Par contre, et il faut le noter, le Premier Ministre n’a pas donné suite à la demande d’audience que nous avions introduite chez lui. Depuis nous avons confirmé ce que nous disions de lui après sa nomination à ce poste stratégique. C’est un homme disqualifié pour conduire l’action du Gouvernement de transition. Il a occupé les mêmes fonctions pendant quatre ans sous le régime du dictateur, après l’élection présidentielle de 1992. Son discours sur la question du passif humanitaire, par exemple, a été invariable.


AVOMM : On assiste aujourd'hui à une opposition qui est en train d'être happée par les hommes de l'ancien système et leurs alliés féodaux tribalistes. Que propose l'AJD pour endiguer cette menace ?

Cissé Amadou Cheikhou : Comme vous le savez, le règne de Maouya a été marqué par la perte de toutes nos valeurs. Tous les repères s’étaient déplacés. Le faux, l’usage de faux, la concussion, le vol étaient devenus les qualités par excellence pour rendre gloire au dictateur. Jusqu’au 2 août 2005, ce dictateur-là faisait encore figure de grand timonier dont la disparition annonçait l’apocalypse.
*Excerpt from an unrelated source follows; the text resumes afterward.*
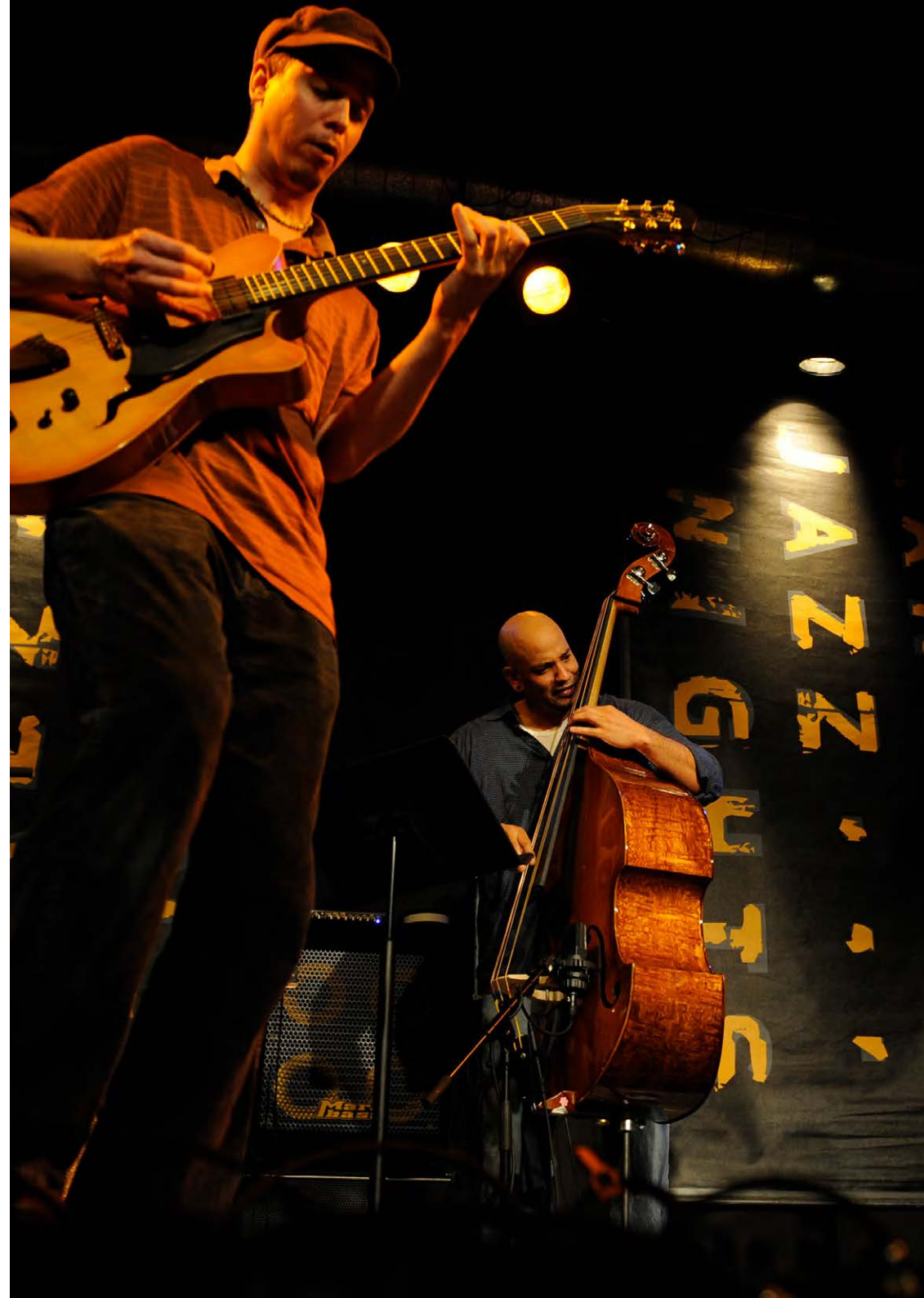
Bild rechts: Immer in der letzten Juli-Woche kommen die ganz Grossen ins Emmental: jazznights.ch

On vantait tout alors qu’on était convaincu du mensonge auquel on s’adonnait.

Le plus grand cinéma auquel on a assisté a été l’événement du 8 juin 2003. Pendant que la ville de Nouakchott était aux mains des insurgés, tous les thuriféraires et flagorneurs du pouvoir s’étaient terrés, d’aucuns ont quitté la ville pour se réfugier en brousse laissant le « guide éclairé » seul dans ses malheurs. Sitôt la situation renversée en sa faveur, par on ne sait quel concours, les concerts de klaxon, les motions d’allégeance et les marches de soutien ont fusé de tous les coins du pays, animés par ces mêmes flagorneurs sortis subitement de leurs terriers. Le dictateur n’a rien compris.
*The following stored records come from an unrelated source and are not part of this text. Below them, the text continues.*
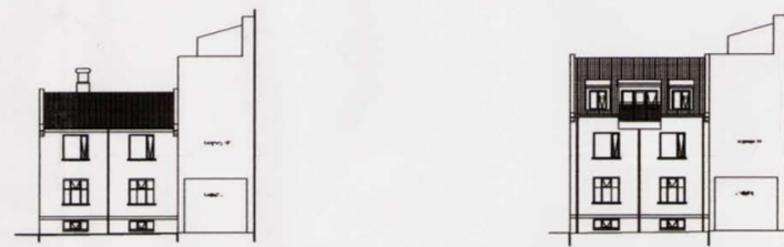
Hverfisgata 102B að vestan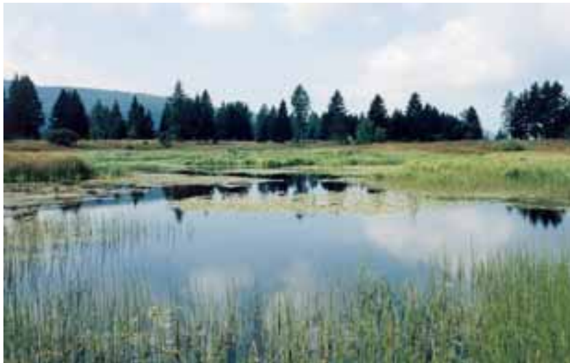
Area sfruttata per la produzione di torba

A livello nazionale però non esistono particolari leggi per la conservazione delle torbiere o, più in generale, dei biotopi umidi e attualmente molte competenze sono decentrate agli enti locali che operano a livelli diversi. Più spesso si ricorre alla protezione di particolari biotopi che ospitano ambienti di questo tipo. Un esempio può essere quello della Lombardia, regione in cui alcune aree protette (riserve parziali botaniche o riserve orientate) sono dedicate alla salvaguardia di aree di torbiera in ambito alpino (Pian di Gembro e Paluaccio di Oga ad esempio) o pedemontano (Torbiera del Sebino). Molte torbiere ricadono poi nell'ambito di parchi regionali, ad esempio il Parco dell'Adamello ed il Parco delle Orobie valtellinesi, oppure del Parco Nazionale dello Stelvio. Alcune specie torbicole sono soggette infine a protezione. È il caso, ad esempio, degli eriofori. Simile è la situazione nella Regione autonoma Valle d'Aosta, dove ambienti di torbiera vengono tutelati in riserve (Lago del Lozon, Lolair), in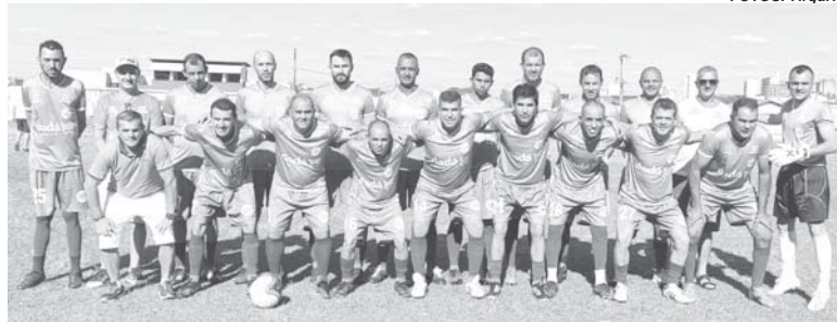
Associação Atlética Paraisense

O jogo foi equilibrado na primeira etapa com ambos os times se respeitando e promovendo mais o jogo defensivo. Contudo, na etapa final e com a necessidade de definir o placar, as equipes buscaram mais o resultado. Com um jogador a mais em campo os aquinenses abriram o marcador e sustentaram o marcador mesmo tendo o goleiro titular expulso. Ao

A sa chute, quelle honte et quelle déchéance. Tous les mots lui étaient collés, tous les maux du pays, c’étaient lui encore, oubliant du même coup les délices du festin auxquels ils goûtaient la veille, et sans retenue. Tous les moyens étaient bons pour faire partie de la cour du dictateur. Le PRDS, son instrument de mesure, sa chose à lui, on y adhérait à grand renfort de publicité, tout y était permis. La manière. Les formes. Dans un environnement fait de pauvreté structurelle, l’adhésion se manifestait par d’énormes tapages.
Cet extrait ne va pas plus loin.